You are viewing a plain text version of this content. The canonical link for it is here.
Posted to dev@cassandra.apache.org by Jeremy Hanna <je...@gmail.com> on 2010/11/04 20:53:08 UTC

Mahout/Cassandra integration

For people interested in using Cassandra with Mahout, there are a few possible integration points that could be fleshed out.  I was talking with Grant Ingersoll about this at apachecon and thought I would send out a note about it.  The motivation could be enhancing Cassandra's analytics capabilities with using Mahout with data stored in Cassandra.

drivers - in the bin directory there is a script that loads drivers.  Those drivers are used to input to the algorithms from sequence files through the hdfs inputformat by default.  It could possibly use Cassandra's inputformat or have a pluggable option.  I'm not sure where the output comes into play, but I would think that it would likewise just be able to use the outputformat.
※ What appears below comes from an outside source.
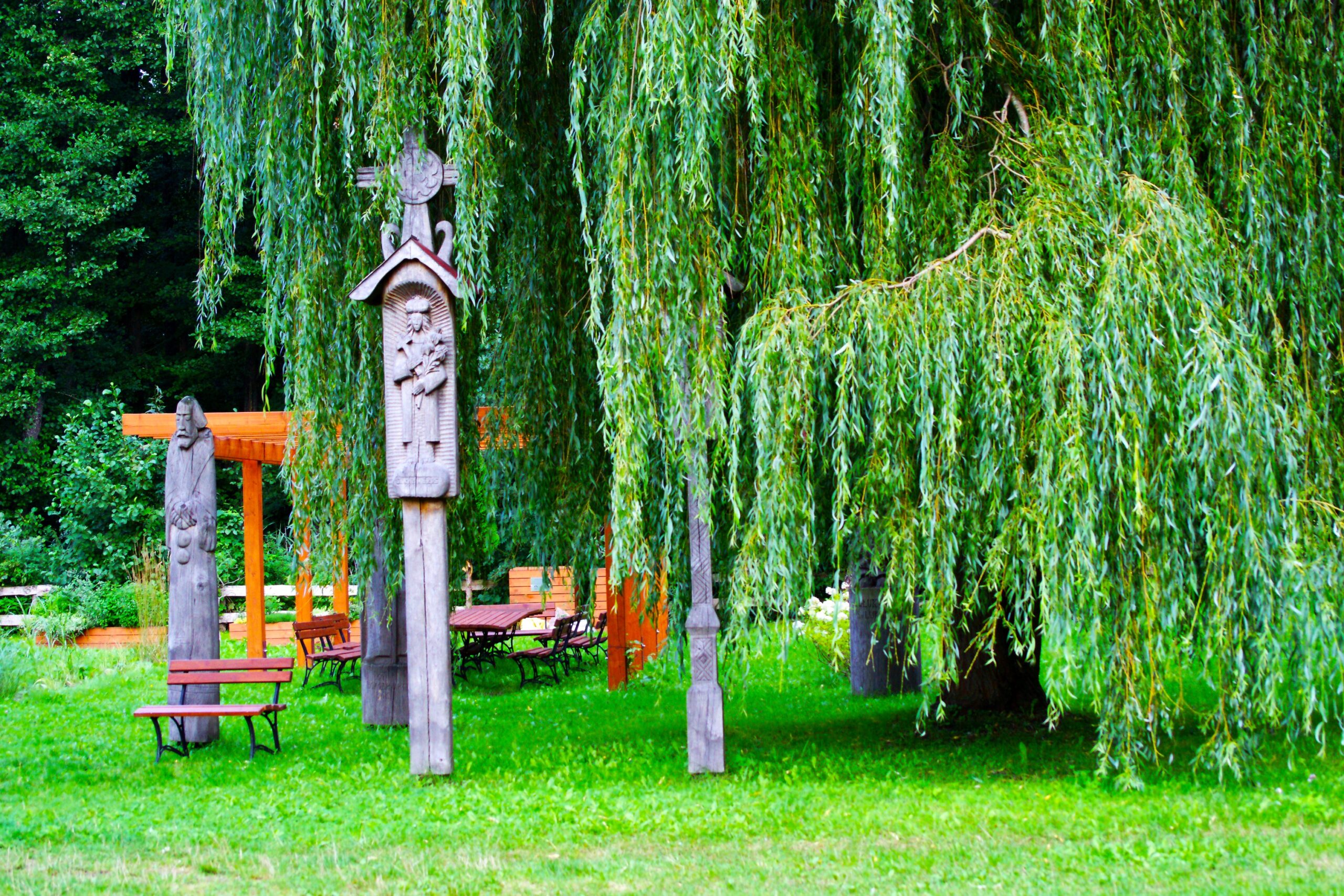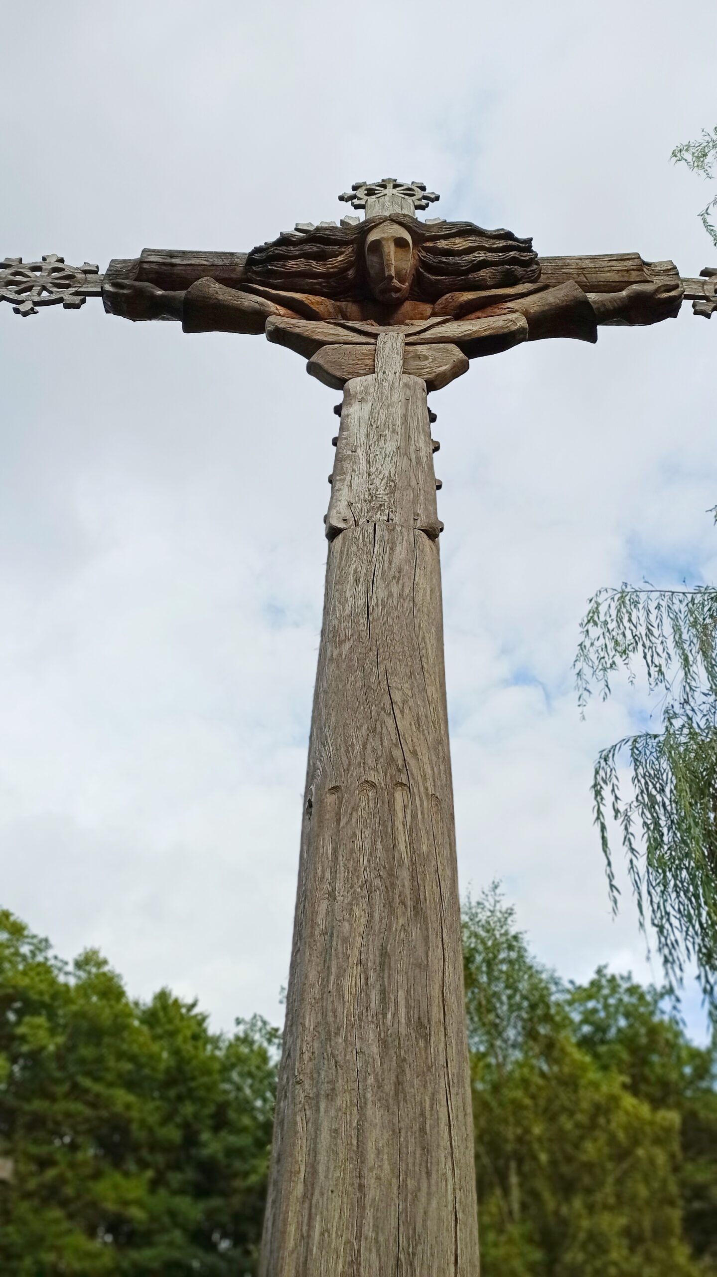 Po nasyceniu się widokiem jeziora udałam się na spacer do przyklasztornego ogrodu, w którym w oczy od razu rzucają się duże rzeźby z drewna. Obok postaci mnichów nie można było przejść obojętnie, ale niewątpliwie szczególną uwagę zwracał krzyż z wiszącym na nim Chrystusem.

datamodel - https://hudson.apache.org/hudson/job/Mahout-Quality/javadoc/org/apache/mahout/cf/taste/model/DataModel.html

DataStore - https://hudson.apache.org/hudson/job/Mahout-Quality/javadoc/org/apache/mahout/classifier/bayes/interfaces/Datastore.html
Currently there is an HBase and an in memory data store, but that would be a relatively simple integration point.

Other integration points in the future might be using Flume for output and could also go through flume to Cassandra through the Cassandra sink that Tyler Hobbs did - https://github.com/thobbs/flume-cassandra-plugin

Anyway, just wanted to relay that info.